→ WHAT NEEDS TO BE DONE: The reply should hold only the lines below beginning at the one with "Located within the" and ending at the one with "- 孕34-37周:胎位基本", copied exactly, with every picture left out.

→ DATA SUPPLIED:
= Beginning of Section =

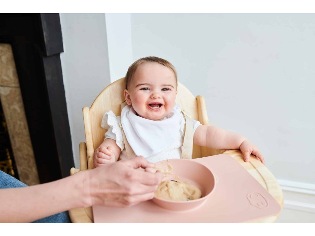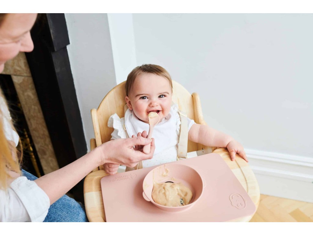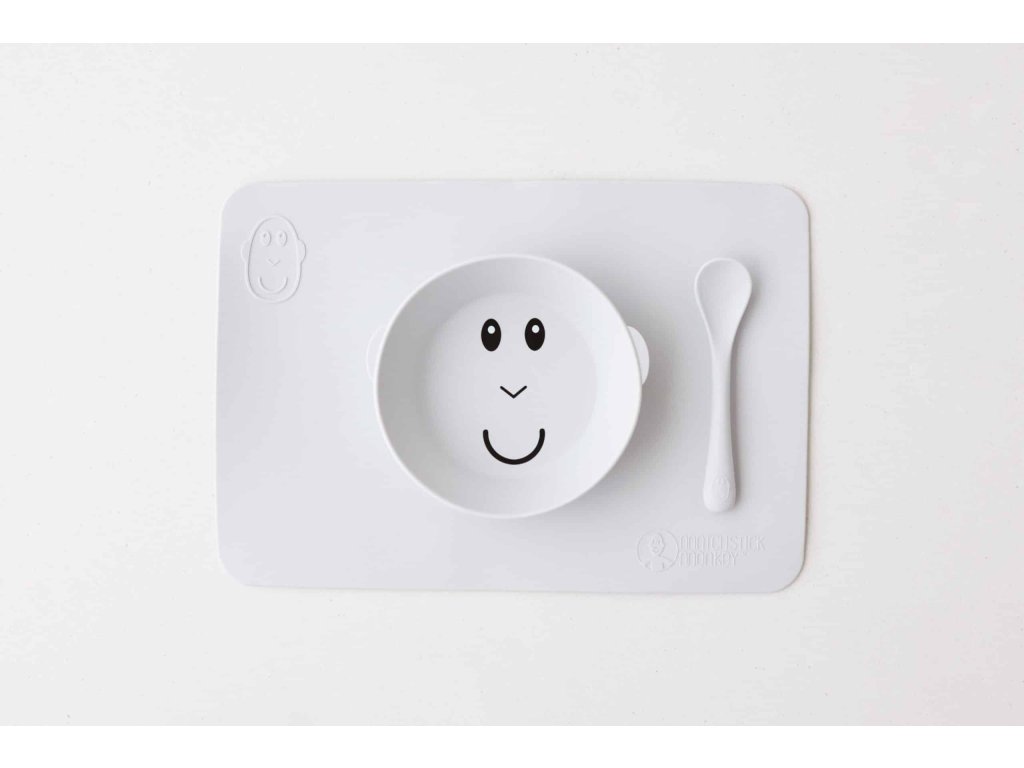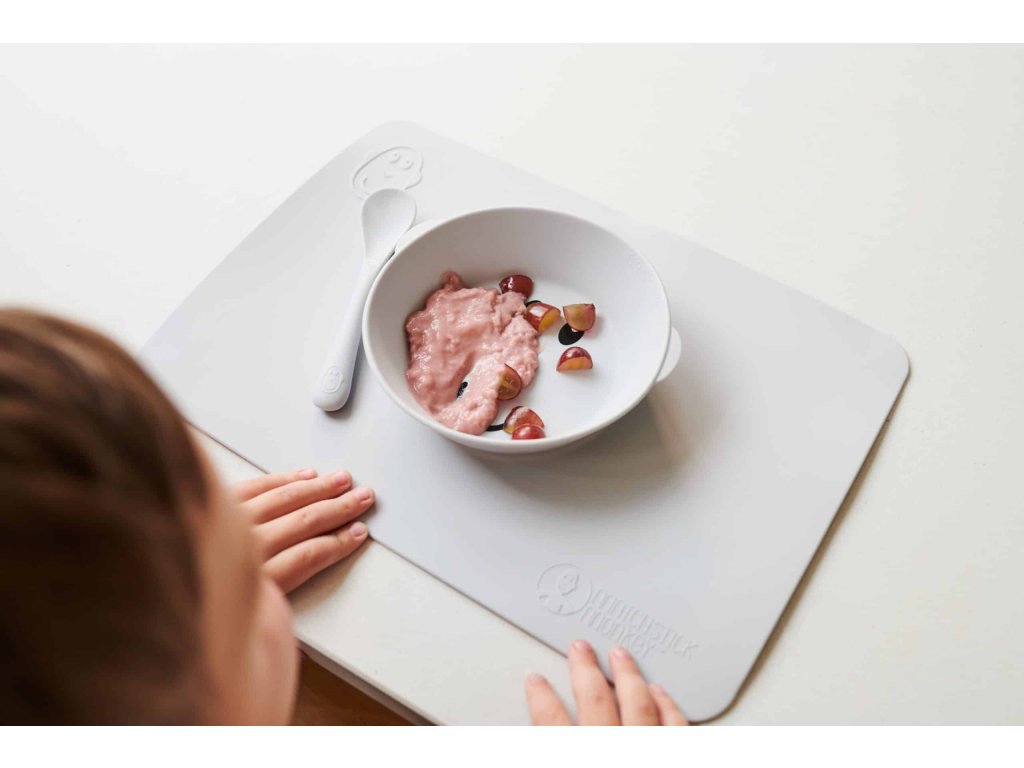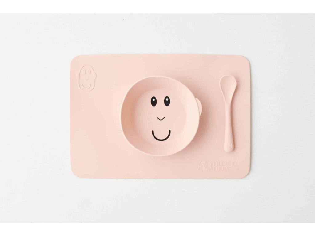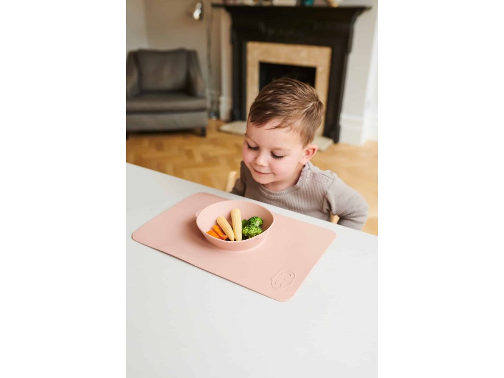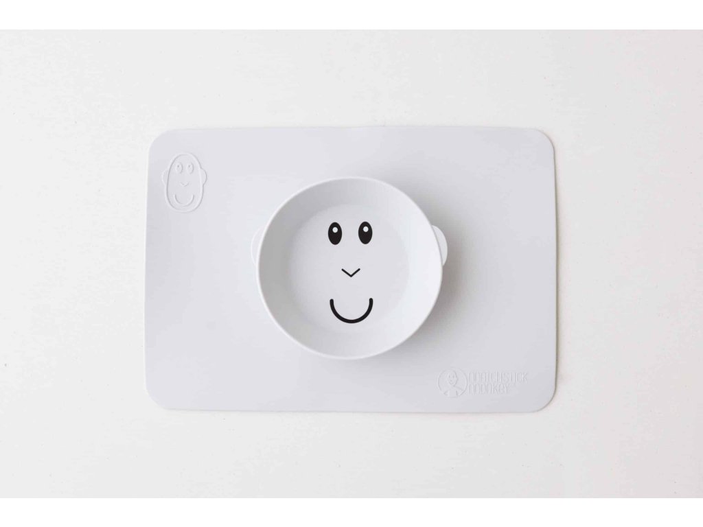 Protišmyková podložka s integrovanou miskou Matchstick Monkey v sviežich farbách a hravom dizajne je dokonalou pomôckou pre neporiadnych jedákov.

= End of Section =
= Beginning of Section =

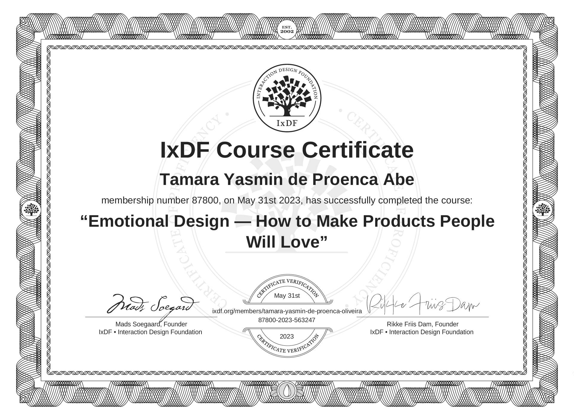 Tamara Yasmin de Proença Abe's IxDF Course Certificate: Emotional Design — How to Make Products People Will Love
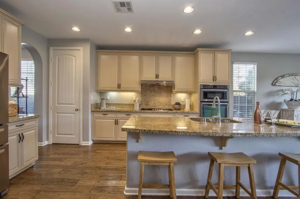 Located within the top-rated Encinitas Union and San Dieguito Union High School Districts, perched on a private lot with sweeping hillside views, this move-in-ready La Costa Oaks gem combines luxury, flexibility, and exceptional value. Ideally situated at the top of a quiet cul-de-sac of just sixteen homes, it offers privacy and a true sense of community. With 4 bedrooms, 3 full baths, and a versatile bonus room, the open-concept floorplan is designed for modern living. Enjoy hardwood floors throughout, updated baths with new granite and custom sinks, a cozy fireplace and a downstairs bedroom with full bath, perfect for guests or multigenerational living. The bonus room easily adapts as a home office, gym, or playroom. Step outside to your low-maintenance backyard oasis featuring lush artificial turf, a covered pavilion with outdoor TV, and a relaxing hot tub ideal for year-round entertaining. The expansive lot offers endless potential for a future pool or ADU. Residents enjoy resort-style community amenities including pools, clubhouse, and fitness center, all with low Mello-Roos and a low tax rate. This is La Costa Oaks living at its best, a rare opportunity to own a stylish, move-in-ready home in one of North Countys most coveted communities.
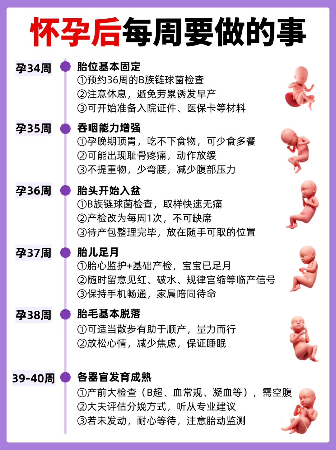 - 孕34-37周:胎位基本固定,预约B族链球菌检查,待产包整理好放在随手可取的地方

= End of Section =
= Beginning of Section =

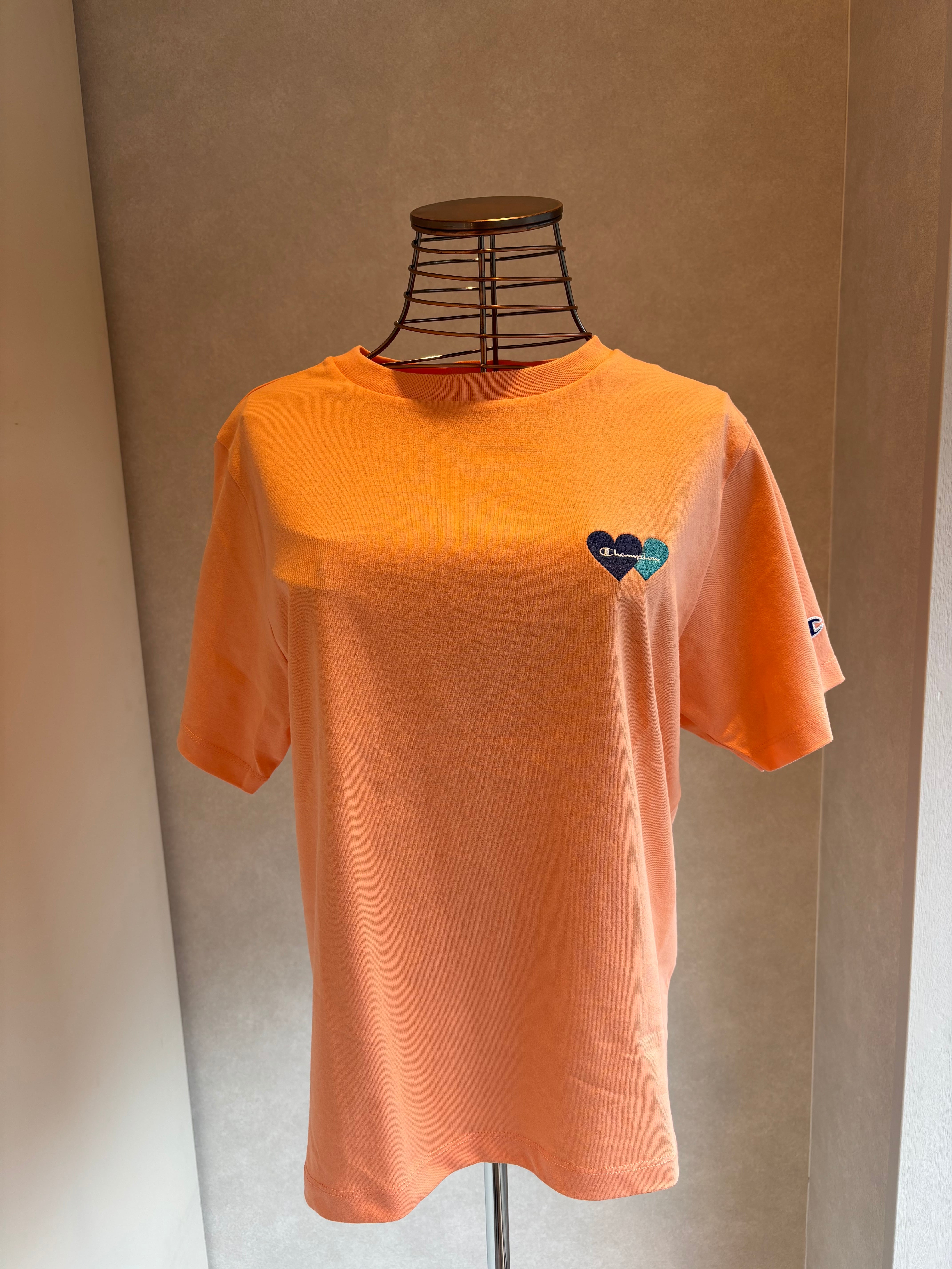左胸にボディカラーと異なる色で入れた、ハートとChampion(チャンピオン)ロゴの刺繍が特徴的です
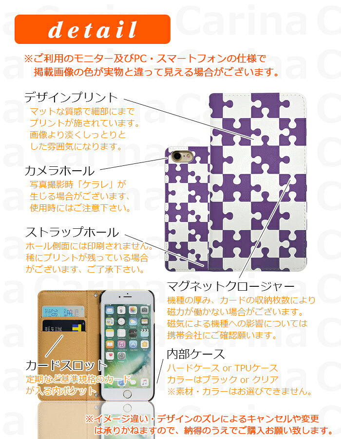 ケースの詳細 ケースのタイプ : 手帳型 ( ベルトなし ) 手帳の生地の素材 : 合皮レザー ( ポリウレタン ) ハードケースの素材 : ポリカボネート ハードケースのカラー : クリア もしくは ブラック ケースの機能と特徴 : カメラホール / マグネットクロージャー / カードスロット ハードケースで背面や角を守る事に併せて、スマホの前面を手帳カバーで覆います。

= End of Section =

→ WRITTEN SOLUTION:
 Located within the top-rated Encinitas Union and San Dieguito Union High School Districts, perched on a private lot with sweeping hillside views, this move-in-ready La Costa Oaks gem combines luxury, flexibility, and exceptional value. Ideally situated at the top of a quiet cul-de-sac of just sixteen homes, it offers privacy and a true sense of community. With 4 bedrooms, 3 full baths, and a versatile bonus room, the open-concept floorplan is designed for modern living. Enjoy hardwood floors throughout, updated baths with new granite and custom sinks, a cozy fireplace and a downstairs bedroom with full bath, perfect for guests or multigenerational living. The bonus room easily adapts as a home office, gym, or playroom. Step outside to your low-maintenance backyard oasis featuring lush artificial turf, a covered pavilion with outdoor TV, and a relaxing hot tub ideal for year-round entertaining. The expansive lot offers endless potential for a future pool or ADU. Residents enjoy resort-style community amenities including pools, clubhouse, and fitness center, all with low Mello-Roos and a low tax rate. This is La Costa Oaks living at its best, a rare opportunity to own a stylish, move-in-ready home in one of North Countys most coveted communities.
 - 孕34-37周:胎位基本固定,预约B族链球菌检查,待产包整理好放在随手可取的地方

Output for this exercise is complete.